Although it faces strong resistance, reforms will be vital if the Chinese economy is to continue to evolve.

China’s huge apparatus of state-owned enterprises (SOEs) is a popular punching bag: economists decry its inefficiencies; foreign politicians complain about unfair competition; and many Chinese citizens criticize public displays of waste, like elaborate banquets. The Chinese government would counter that they provide a foundation for the economy as a whole.

As China’s economy evolves (and it does, albeit slowly at times), the clamor for SOE reform grows louder from all sides. What is the potential for reform? How damaging are SOEs to the Chinese economy? On the flip side, how have SOEs strengthened the system?

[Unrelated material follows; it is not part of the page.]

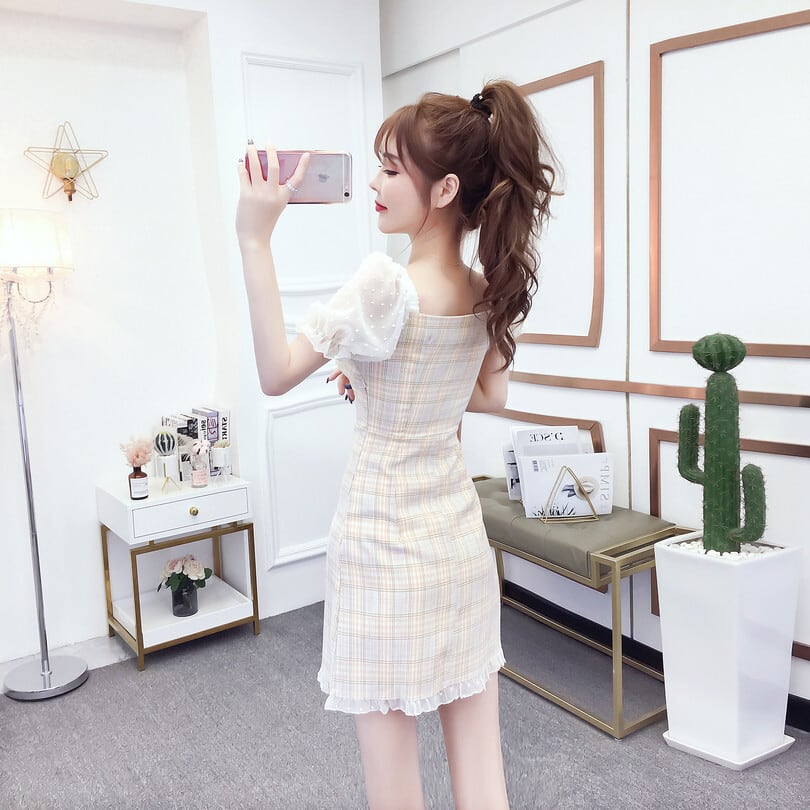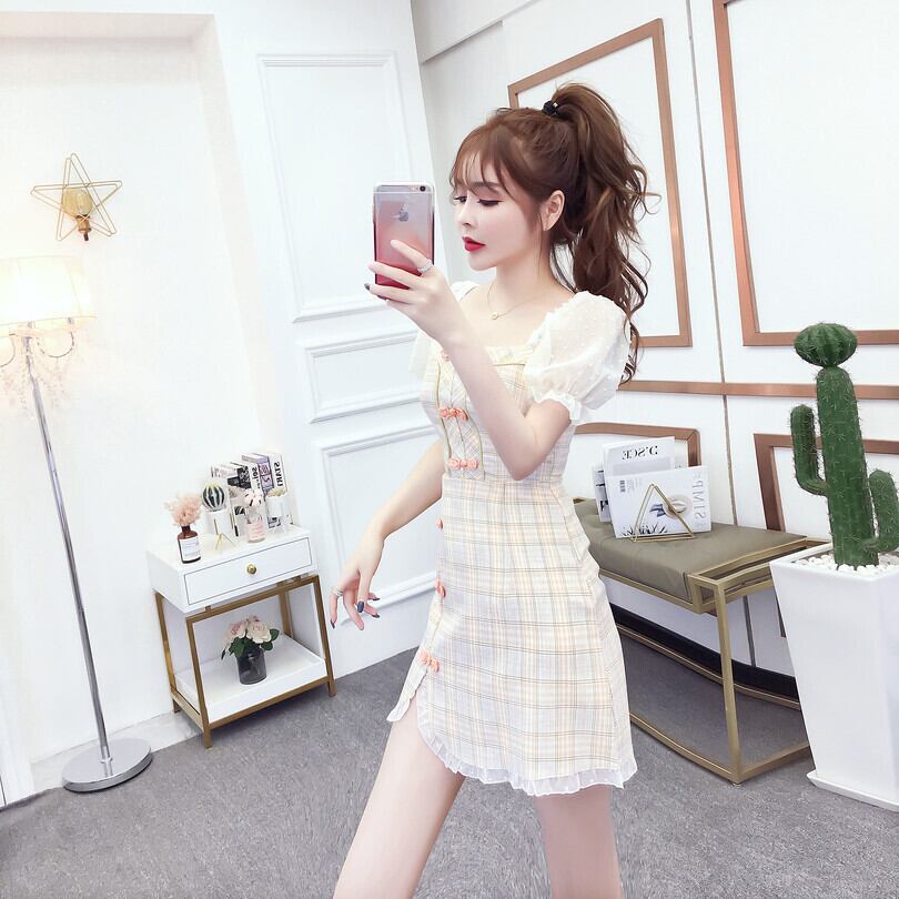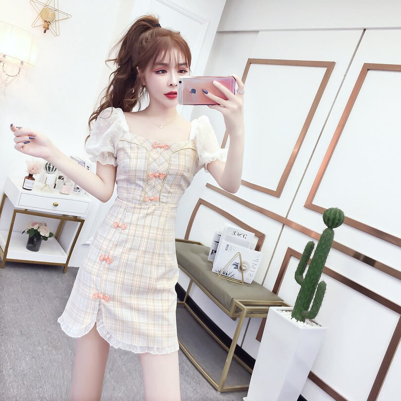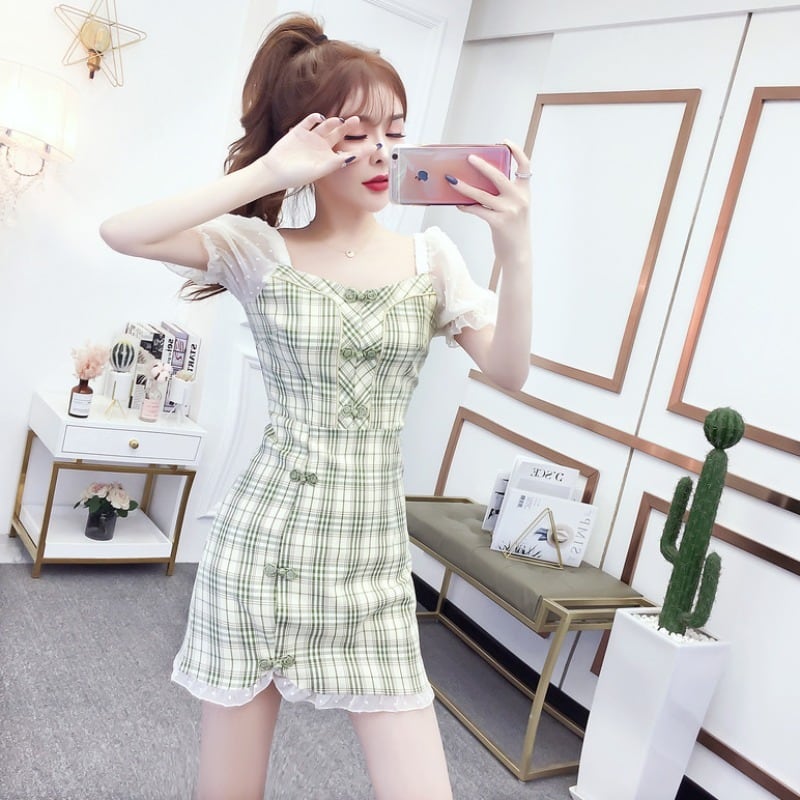 スタンダード格子柄バックルレーススリーブドレス レディース レトロ ステッチ ハンチェンe25565077947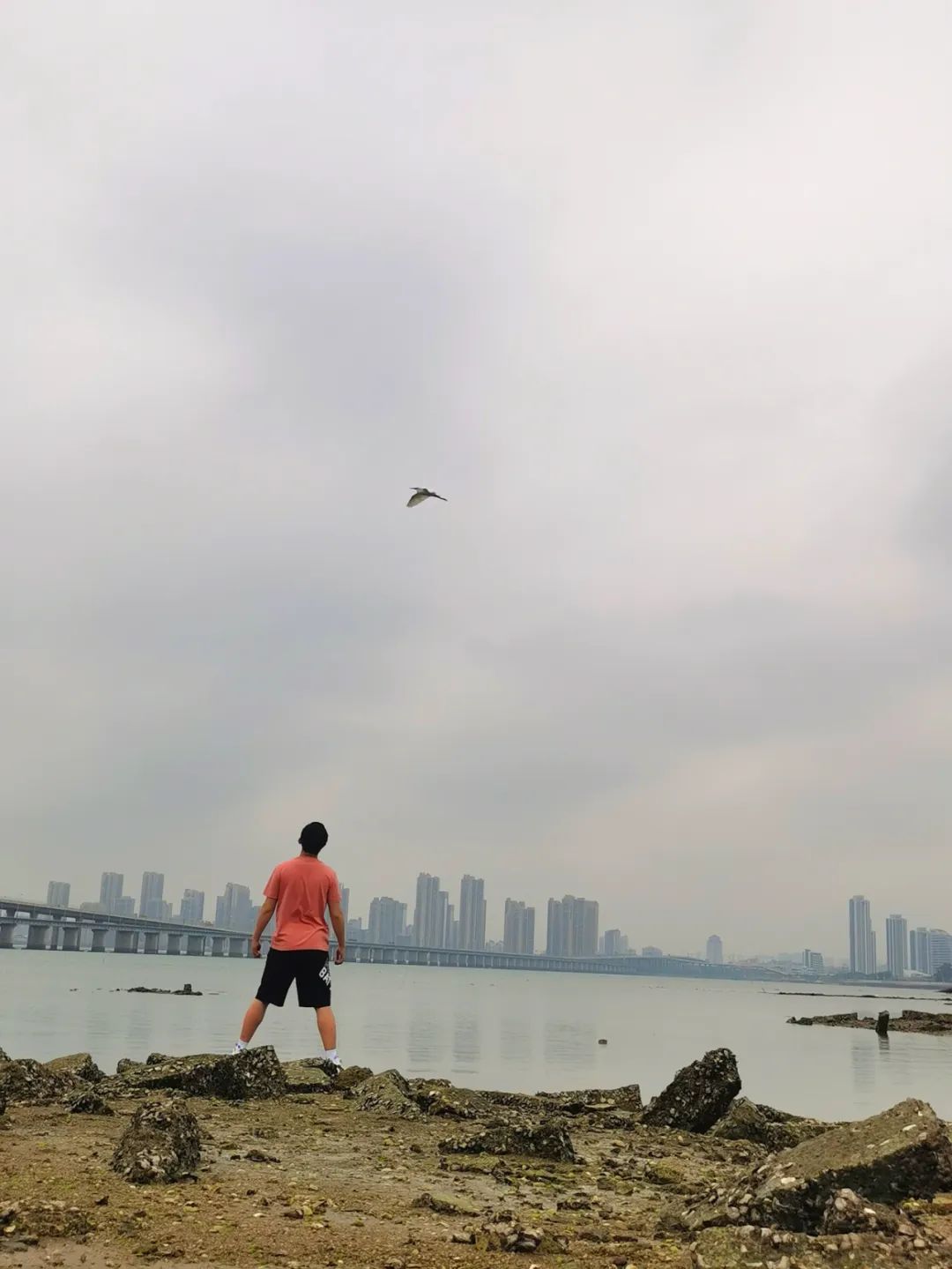 时至正午,墨墨同学也赶到了南湖门口与我会合。中午俩人好好吃了顿饭,谈了谈心,下午他把我带进他的学校,回他寝室换衣服时,我竟然发现我们两个大学寝室穿的拖鞋居然一模一样,洗面奶用的同一种,平常用的篮球居然也是一模一样!这是什么样的缘分!和好兄弟两个人打单挑一下午,这简直是心里不可多得的喘息机会。晚上尝了尝嘉兴特色粽子,带我逛了逛他也即将毕业的校园,之后更是骑着小电驴亲自把我送到了高铁站。高一认识的好兄弟,我们这奇妙的缘分还会继续啊......之后一周单位同事们约球,那次去的人出奇的多,我也是想着好好干一场释放一下情绪。结果打了没半个小时,落地一脚踩在别人脚上,直接把脚崴成了馒头。虽然当时处理妥当,但是也根本无法下地走路。没办法,当即在球场下单:护踝和拐杖。那一晚,心里和身体上的煎熬使我难以入眠。放从前,我可能还有个可撒娇的人;而且不想让父母跟着操心,我也就没说。煎熬的一晚上过去之后,想到我还有个早就定好的五一厦门游,车票酒店都订好了,我心一横,说就算拄拐,也必须去。到了出发的日子,恰好是受伤第四天,也就是脚最肿的时候,由于我买的是站票,我专门带了小马扎,又拄着拐,一路晃晃悠悠上了车,找到对应车厢连接处,把拐往旁边一靠,拉开小马扎一坐,漫长的五六个小时就开始了。到厦门北站时已经是晚上十点半了,和朋友顺利碰头后,便前往了我们不知道订在哪里的民宿。说不知道在哪里,是因为到地方一看,高低错落的各式各样房子全是民宿,像是从未见过的那种梦幻中的小村落一般,小巷子穿插其中,有高一点的至少从外面能看到名字,我们订的这个连名字都看不到。外边的路上种满了只有热带附近才有的棕榈树和其他特有植物,又解锁一种未曾谋面的自然景观。在民宿群中找了好久,问了一位大姐才终于找到了夹缝中的住处。这家还是挑了很久才找到的五一期间相对便宜一点的民宿,厦门核心岛上的酒店一晚七八百起步,我们实在是囊中羞涩。再加上我拄着拐,在当时也不挑了,能住就行。虽然外面看起来很破,但入住程序里包括很多派出所防诈骗宣传的东西,整的还挺正规,多少也能安心一些。终于住下后,简单安排了下第二天行程,我们很快倒头睡去。太阳早已高挂时,我们才慢悠悠起了床。先下楼品尝了闽南特色的猪脚饭,然后直奔集美学村的十里长堤。坐着地铁,本是在地下的车厢忽的由黑暗转向了光明,眼前豁然开朗,海、桥、堤,被同时绘于同一幅唯美的画作之中。这时耳边同步响起了地铁中的播报:“蓝天碧海飞白鹭,波光粼粼泛渔舟。海景画卷,尽在眼前。厦门地铁带您感受城在海上,海在城中。”这边的桥与那边的桥,都长久地伫立着,迎着波涛与海风,凝视着对面以海天相接为背景相向而行的列车。穿越了一整个长堤,列车重新回到地面下,到站。出站后,我们踩着单车去到那长长的堤岸。朋友想在远岸道路走走,而我扔下了拐杖,拿上了自拍杆,毅然决然地去到了岸边。路上有很多大大小小的石头,泥泞的软沙,我一步步提起肿胀的脚踝,每走一步都会有如同深深浅浅脚印般深深浅浅的疼痛。阴沉的天空并不能阻挡我寻找无数角度去拍出好看的长堤。对美好风景的向往,指引着我忽略疼痛,穿过泥沙,如同信仰一般来到这里。偶尔几只海鸥掠过岸边,飞至水面再向上,我伸出双臂,拥抱满眼的明秀,拥抱海风的呼吸,拥抱海鸥的自由。霎时间回眸,背后不远处的铁道上跑过一趟车身满是漫画的地铁,说时迟那时快,当我刚从惊叹车厢的帅气回过神来想要录像时,它已经跑远了。

But first, a little background. According to Xinhua, at the end of 2011, there were 144,700 state-owned enterprises with total assets of 85.4 trillion yuan, revenues of 39.25 trillion yuan, and profits of 2.6 trillion yuan (43 percent of China’s total industrial and business profit).

Most SOEs are controlled by local governments, though it is those in the care of the central government that receive the most attention. Of those companies, there are three categories: those controlled by the State-Owned Assets Supervision and Administration Committee (SASAC), banking and finance organizations, and “media, publications, culture and entertainment companies,” administered by other agencies (for more details, see this China Economic Review piece.)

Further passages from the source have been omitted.